7. Benzoyl chloride (1) (99%) was purchased from Millipore Sigma and used as received. The submitters added 1 (4.1 mL, 36 mmol, 1.0 equiv) dropwise via a plastic syringe over 5 min. The checkers purchased benzoyl chloride (> 99%) from Alfa Aesar, which was used as received. The mass of the benzoyl chloride used was determined by weighing the benzoyl chloride-filled syringe before and after injecting 4.1 mL.

8. The progress of the reaction is monitored by TLC analysis on silica gel with 5:1 hexanes:EtOAc as eluent and visualization with a UV lamp (254 nm). The starting material, benzoyl chloride (1) has R_f = 0.67 and the benzamide product has R_f = 0.20.

Figure 6. TLC of crude reaction mixture after Step A (S = benzoyl chloride, C = co-spot of S and R, and R = reaction mixture) (photo provided by submitters)

9. Dichloromethane (99.5%) for the workup was purchased from Thermo Fisher Scientific and used as received. The 1.0 M HCl solution was prepared from concentrated HCl (36.5-38.0%), which was purchased from Millipore Sigma diluted with deionized water. The checkers purchased AR grade dichloromethane (99.8%) from RCI Labscan Ltd. which was used as received. The checkers prepared the 1.0 M HCl solution from diluting with deionized water, concentrated AR grade HCl (37%) purchased from RCI Labscan Ltd.

10. NaCl (>99.5%) and Na₂SO₄ (>99.0%) were purchased from VWR and Millipore Sigma respectively, and used as received. The checkers purchased NaCl (AR grade) and Na₂SO₄(AR grade) from Dieckmann (Hong Kong) Chemical Industry Co. Ltd. which were used as received.

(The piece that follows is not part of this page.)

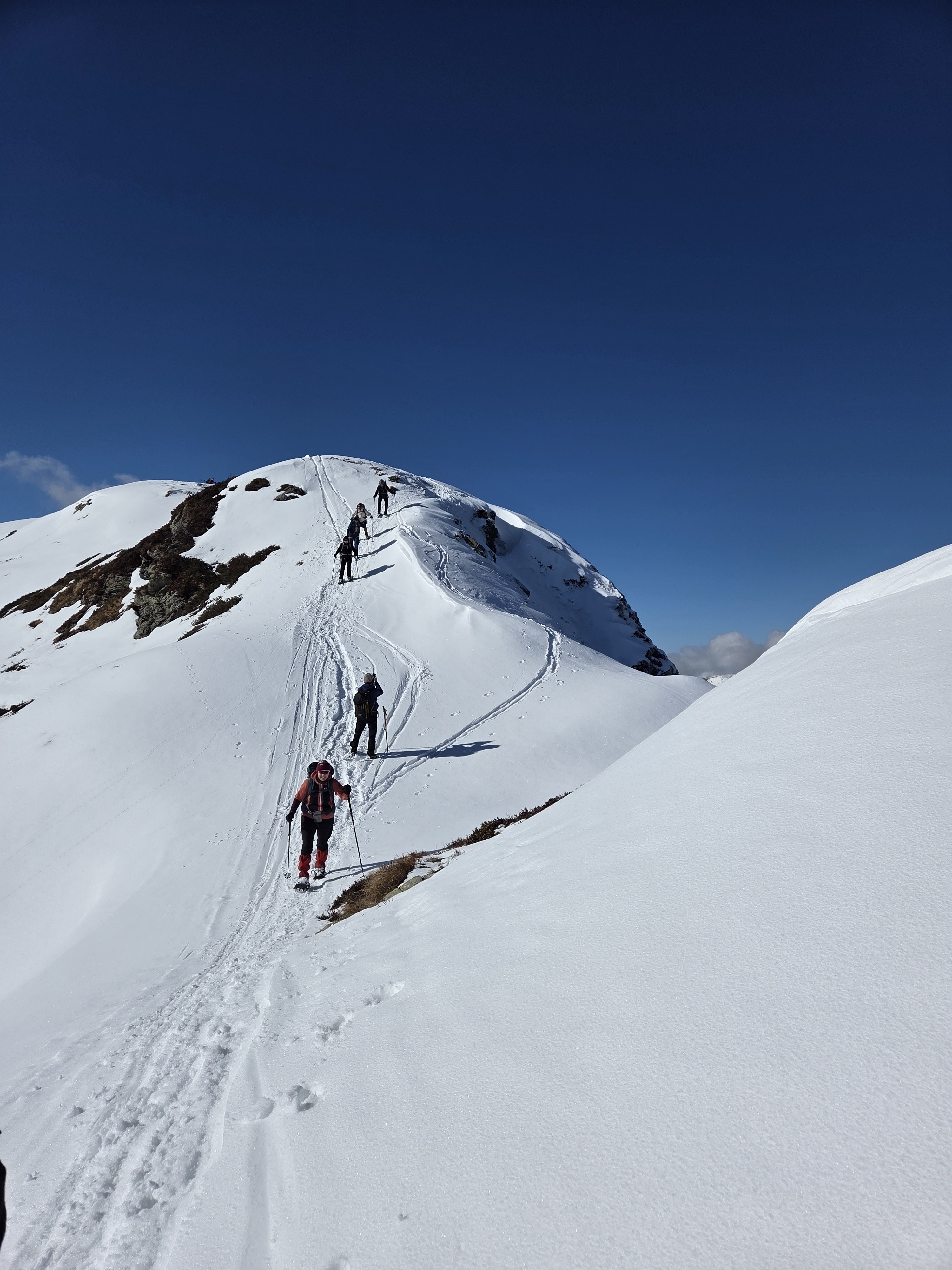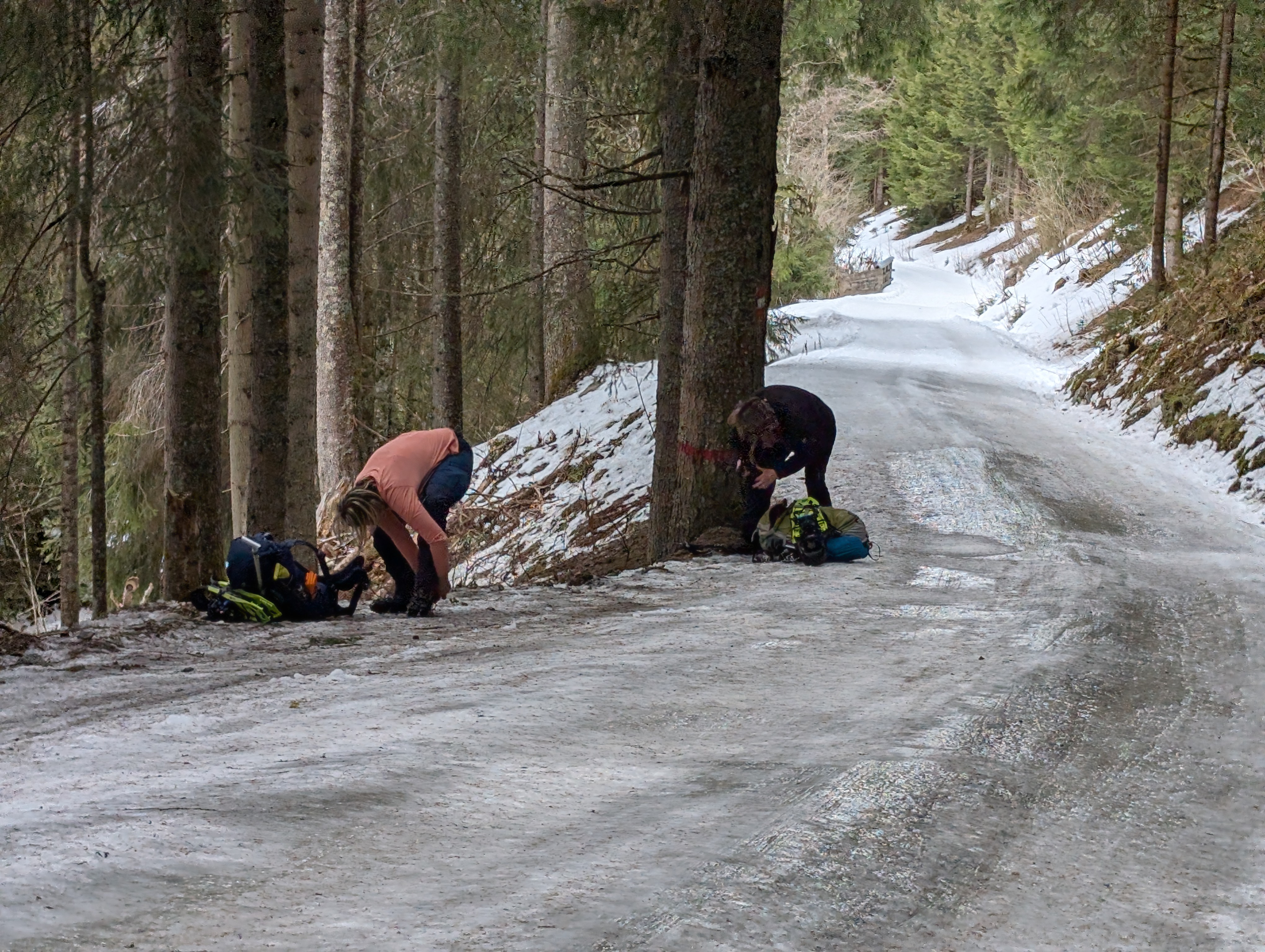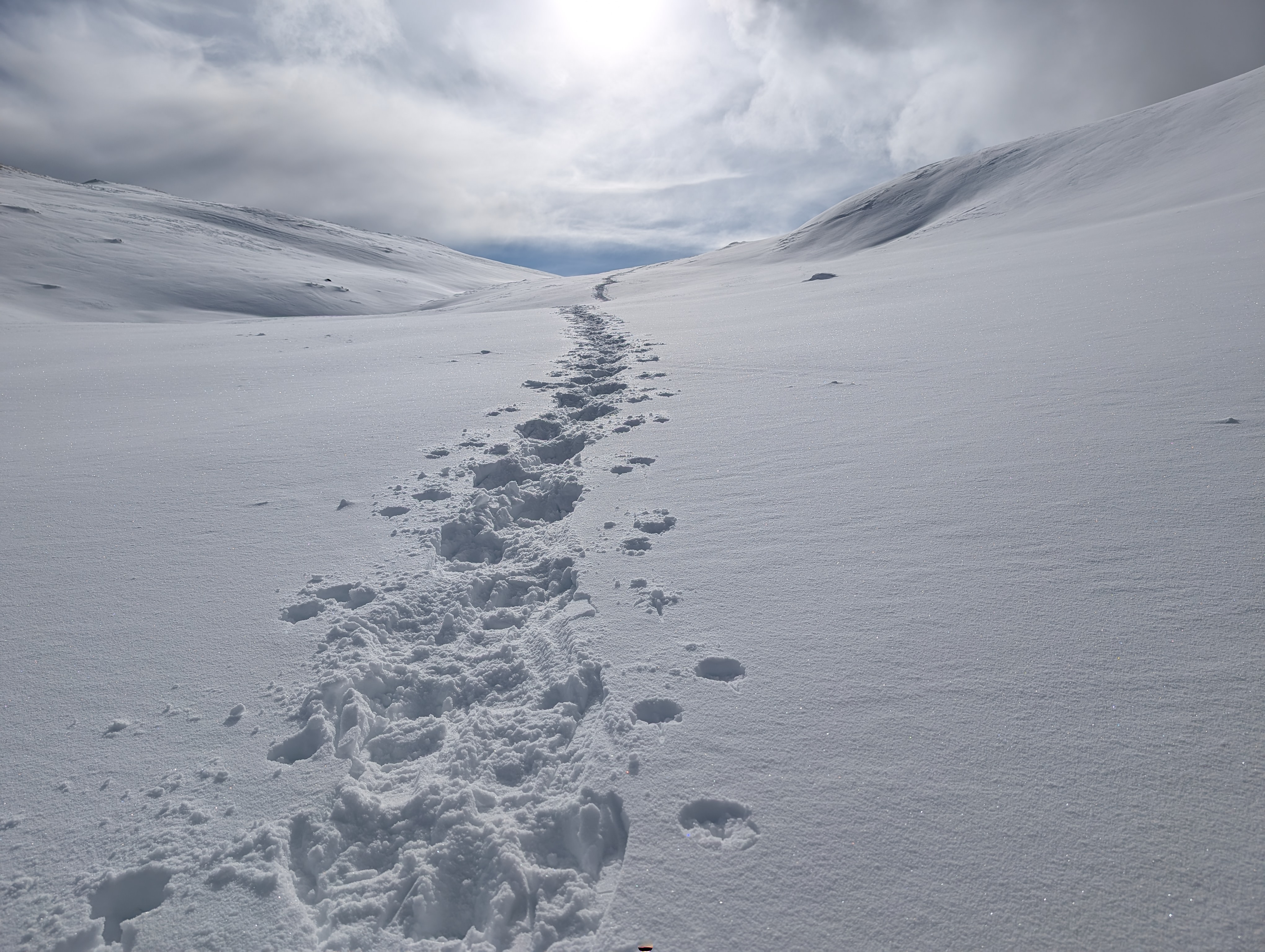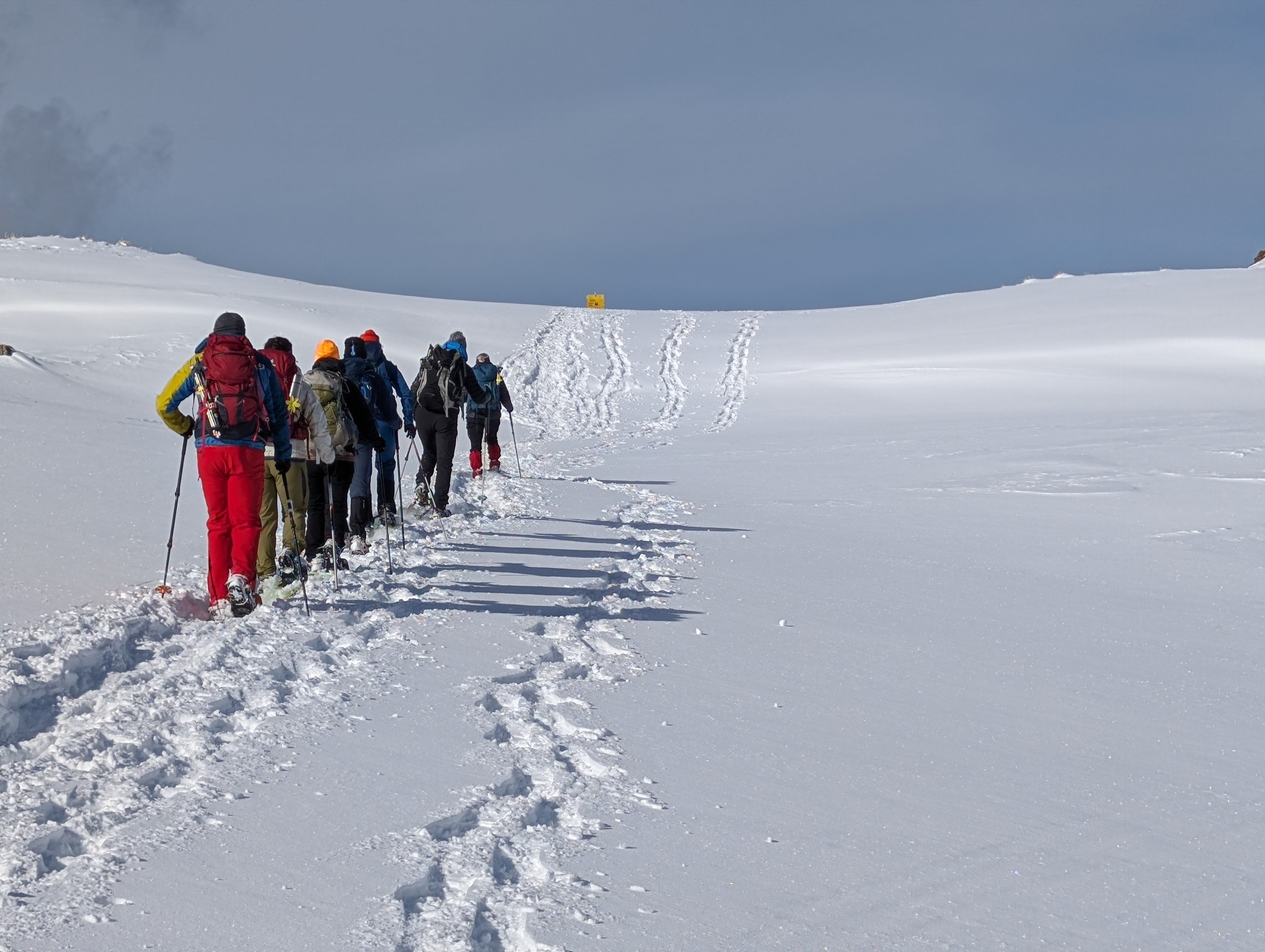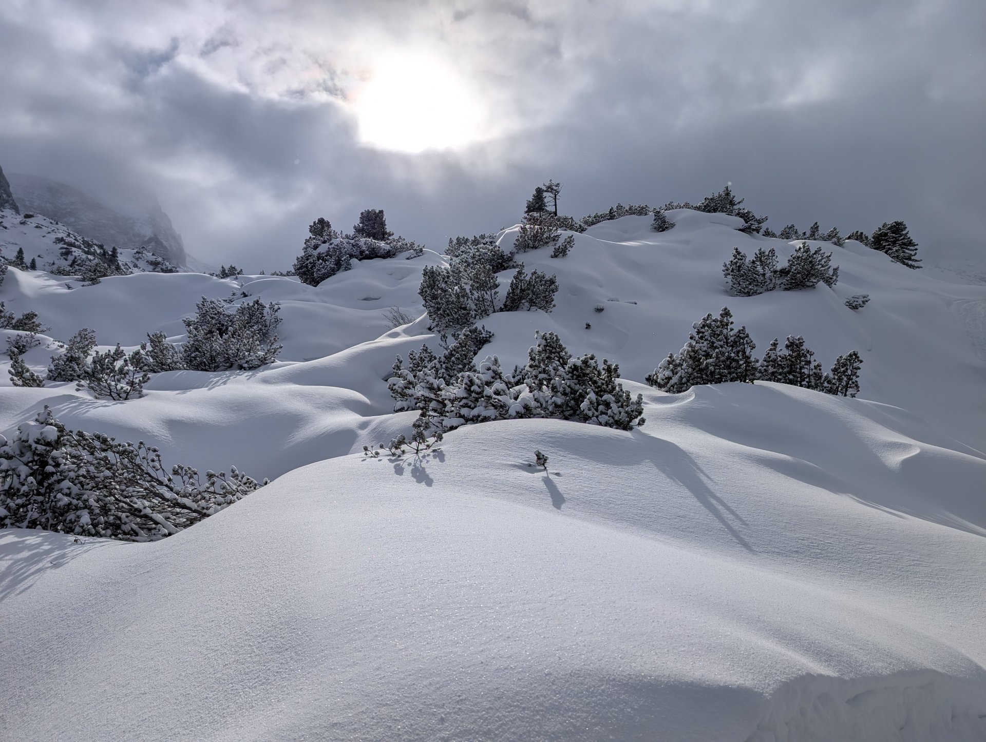 Mehrere von uns testeten unfreiwillig die Weichheit des Schnees und versanken prompt, zum Teil bis zur Hüfte, im tiefen Neuschnee.

11. Filtration was done using a medium porosity fritted Büchner funnel (150 mL capacity) under vacuum.

12. Rotary evaporation at 30 °C from 350 mmHg to 200 mmHg yielded the crude oil.

13. Careful rotary evaporation at 30 °C, from 450 mmHg to 350 mmHg, followed by drying under high vacuum (<1 mmHg) for 1 h afforded the dry loaded mixture.

14. The OD 8 cm x 45 cm column is wetted using 400 g of silica (SiliaFlash P60, particle size 0.040-0.063 mm, purchased from SiliCycle and used as received) and 750 mL of 5:1 hexanes:EtOAc. The crude material is dry loaded onto the column, which is then rinsed with three portions of 2 mL of 5:1 hexanes:EtOAc eluent and the silica column is then covered with a 2 cm thick layer of sand. A gradient of 1650 mL 5:1 hexanes:EtOAc then 1000 mL 4:1 hexanes:EtOAc, then 800 mL 3:1 hexanes:EtOAc, then 600 mL 2:1 hexanes:EtOAc, and finally 600 mL 1:1 hexanes:EtOAc was used. The first 1650 mL of eluate is collected into two 1000 mL Erlenmeyer flasks. After this, fraction collection (using 55 mL fractions) begins with the addition of 1000 mL of 4:1 hexanes:EtOAc. The checkers purchased silica gel (0.040 - 0.063 mm) from Merck KGaA, which was used as received.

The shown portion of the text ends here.